> _WHAT YOU WILL DO_: Reproduce the opening lines of the listing below exactly, stopping after the line that contains "После того, как" and leaving out any pictures.

> _DATA IN THIS EXERCISE_:
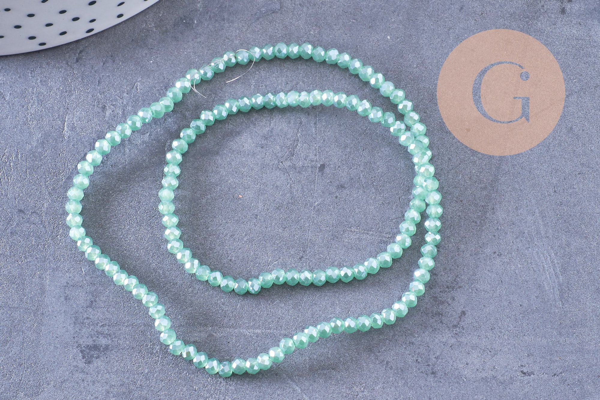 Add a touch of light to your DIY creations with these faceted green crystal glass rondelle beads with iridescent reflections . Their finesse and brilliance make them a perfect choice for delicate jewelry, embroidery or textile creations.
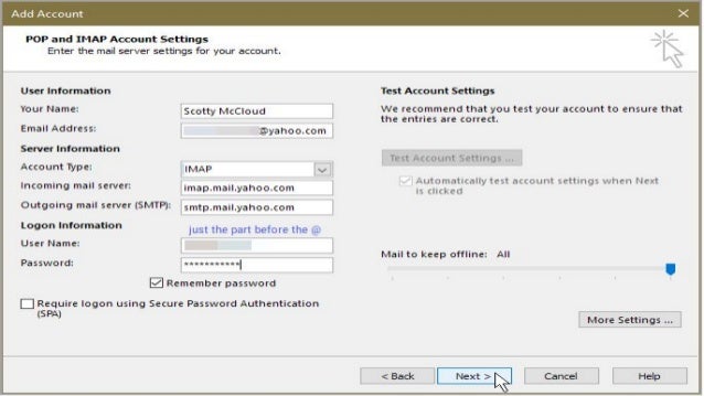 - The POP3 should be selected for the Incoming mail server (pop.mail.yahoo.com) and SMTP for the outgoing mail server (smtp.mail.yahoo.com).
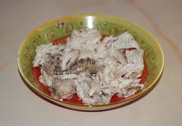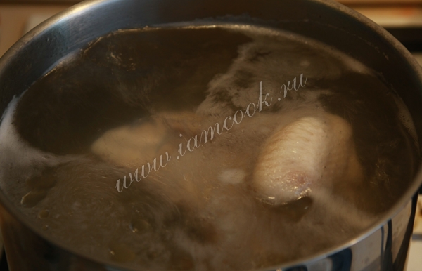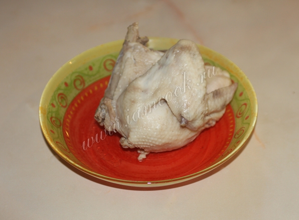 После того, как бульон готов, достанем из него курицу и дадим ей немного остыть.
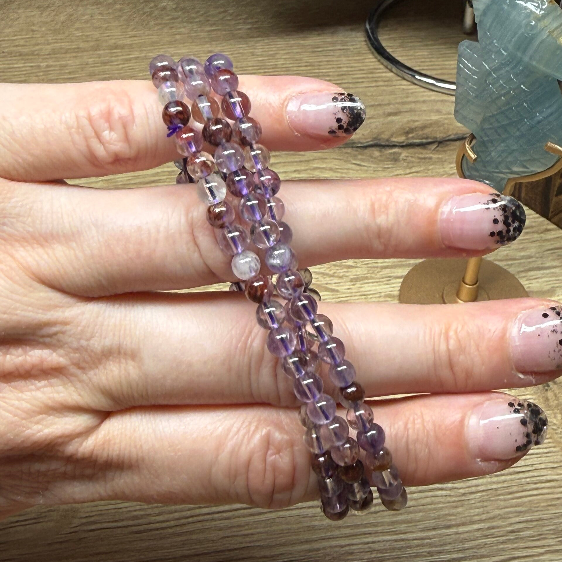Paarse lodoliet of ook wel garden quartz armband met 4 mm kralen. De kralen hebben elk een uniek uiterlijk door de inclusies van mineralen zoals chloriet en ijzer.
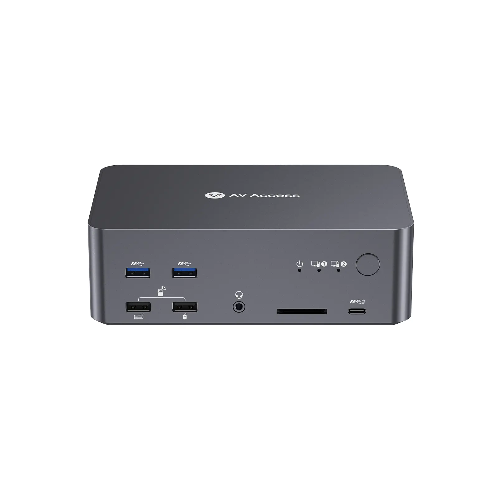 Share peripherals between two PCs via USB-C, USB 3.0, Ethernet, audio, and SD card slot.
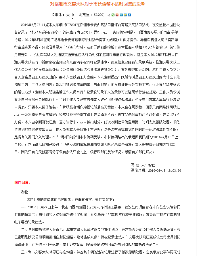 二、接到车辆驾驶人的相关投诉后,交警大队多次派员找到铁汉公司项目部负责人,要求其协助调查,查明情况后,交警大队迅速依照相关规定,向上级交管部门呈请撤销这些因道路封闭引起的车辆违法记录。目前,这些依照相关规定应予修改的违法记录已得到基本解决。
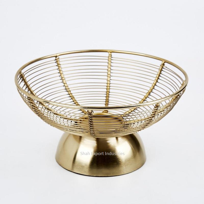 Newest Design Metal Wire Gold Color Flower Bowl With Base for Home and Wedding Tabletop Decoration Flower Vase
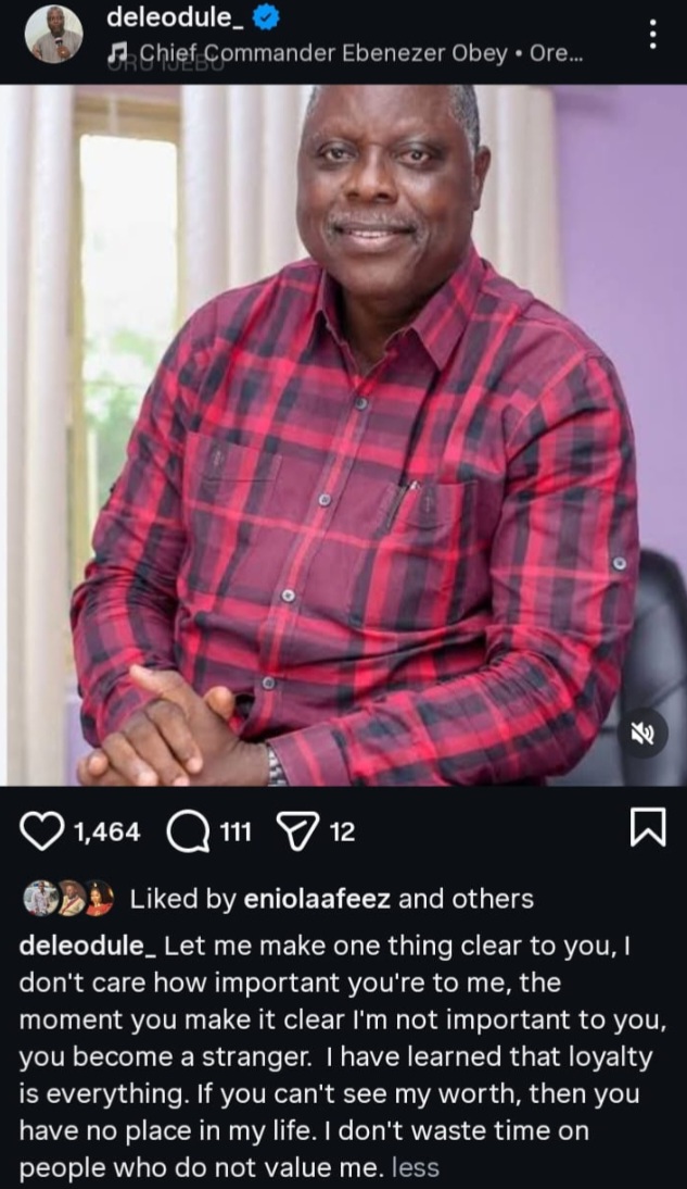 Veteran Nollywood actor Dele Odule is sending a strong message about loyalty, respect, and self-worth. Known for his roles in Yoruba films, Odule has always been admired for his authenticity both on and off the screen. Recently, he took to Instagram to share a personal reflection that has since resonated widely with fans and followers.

> _ANSWER TO THE PROBLEM_:
 Add a touch of light to your DIY creations with these faceted green crystal glass rondelle beads with iridescent reflections . Their finesse and brilliance make them a perfect choice for delicate jewelry, embroidery or textile creations.
 - The POP3 should be selected for the Incoming mail server (pop.mail.yahoo.com) and SMTP for the outgoing mail server (smtp.mail.yahoo.com).
 После того, как бульон готов, достанем из него курицу и дадим ей немного остыть.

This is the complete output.